Don't get hung up and where the market is supposed to be, being right can be an expensive proposition.
Trade the hand that's being dealt. Trade to make money not to be right.
As of now a lot of sectors show topping patterns,ORL's in XLF,XLV,IBB,IYT,IYC,XLY Dec 31st.
I look for the Indices to be in for some two way back and fill trade into the ECB meeting Jan 22, after which the board willl sort itself out for another move.
Individual instruments need to be traded off their own technical s, not that of the Indices.
Instruments should be re-evaluated one step "one macro level at time."
What goes up farther than people expected can go lower than people expect.

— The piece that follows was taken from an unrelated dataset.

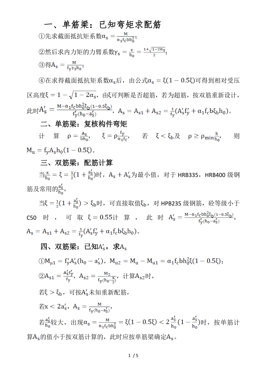 一、单筋梁:已知弯矩求配筋①先求截面抵抗矩系数;②然后求内力矩的力臂系数;③得;④在求得截面抵抗矩系数后,由公式可得到相对受压区高度,由可判断是否超筋,若为超筋,按双筋重新设计,此时,二、单筋梁:复核构件弯矩计算,,若及,则三、双筋梁:配筋计算当时,为最小值,对于HRB335,HRB400级钢筋及常用的,当时,可直接取值,对HPB235级钢筋,砼等级小于C50时,可取计算,此时,四、双筋梁:已知,求①,;②,,计算时,若,可按未知重新配筋,若,,若较大,出现时,按单筋计算的值小于按双筋计算的,此时应按单筋梁确定五、偏心受压:对称配筋计算,已知 ,N,M,砼标号,钢筋级别,求 注意此时不能用M代入力矩平衡公式计算,须由M求,求,得e后用Ne代入力矩平衡方程应按以下步骤进行①由公式求出x,与值比较,若,按大偏心计算配筋,反之按小偏心计算配筋②按大偏心计算时,取,由求得,再判断是否符合最小配筋率要求并验算短边方向轴心受压的稳定③按小偏心计算时,,由此求得,此处是砼结构设计基本假定中的矩形受压区高度与中和轴高度的比值,C50及以下,C80时,C50~C80内插④以上求时公式中的e是轴向力作用点至受拉钢筋合力点之间的距离,需考虑初始偏心距和二阶弯矩偏心距增大系数,可由下列公式求出:是附加偏心距,其值取偏心方向截面尺寸的和20mm中的较大值;是柱的计算长度;是偏心受压构件截面曲率修正系数,时取1,中的A对T形、形截面均取;是偏心受压构件长细比对截面曲率的影响系数,当时,,当时,。

A prepared investor should have their Sector & Individual shopping list ready when markets swoon.
October 2014 was a perfect example. Nasd 100 traded the published downside tgt. and the Spu's missed by 3 points before reversing higher.
OIL...this qtr. as in the last, we look for an opportunistic 2-way trade using the technical levels for our bias.
We continue expect the Oil majors to be a big trade this qtr. Line them up with the Oil.
They have been holding up much better than the Crude prices
Currencies...I continue to be friendly to the U.S. Dollar over the intermediate term.
Care needs to be exercised with a Risk off Board, as Yen Buying on the crosses will be a natural side effect.
The Fundamental story follows the technical s.
Being a pragmatic technician, using the correct levels to manage risk, allows the prudent investor to be right market direction with limited downside.
We'll update our outlook and tgt's as market pricing dictate.??